Is that Swiss straw for the shellback/tail? I like the looks of that craw.


----------



## buckeyebrewer (Sep 4, 2008)

TheCream said:


> Is that Swiss straw for the shellback/tail? I like the looks of that craw.


Can you post the recipe to this delicious little fly?


----------



## Clayton (Oct 7, 2008)

I'll second the request for recipe. That's an awesome and super super super easy looking pattern, which beats teh hell out of the available craw patterns I've seen.. which are usually elevated to an art form.


----------



## Flyfish Dog (Nov 6, 2007)

I like simplicity in a fly. This one been hammered by a few browns on the Elk as paint marking has worn of a bit but I can retouch it up again. I got them in Olive and lt Brown/Tan. Its all I need and it is so simple to tie < 5minute Tye for sure.

Cream, you are correct it is Raffia. I bought every color that Pat Catan's had on Clearance at $1.00 for 60 yards so if you need some, I have to much.


So here is the recipe.
Hook: M9671 #8/10 Any small Streamer hook will do also.
8/0 Thread
Carapace: Raffia
Body: Antron Dubbing
Rib: Brassie Size Wire
Legs: Pheasant Aftershaft feather. 2pc. wrapped around at the same time and tie off.

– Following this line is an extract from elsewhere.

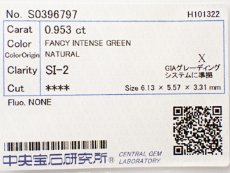 グリーンダイヤモンド ルース 0.953ct FANCY INTENSE GREEN SI2

Everything is tied at the hook bend and brought back to hook eye.

Use marker to color for two tone affect.
Have Fun!


----------



## Huron River Dan (Oct 19, 2007)

Flyfish Dog, that is an awesome looking fly...Thanks for posting the recipe...

Dan


----------



## crkwader (Nov 7, 2008)

headstands are all you need. Especially in low clear water.


----------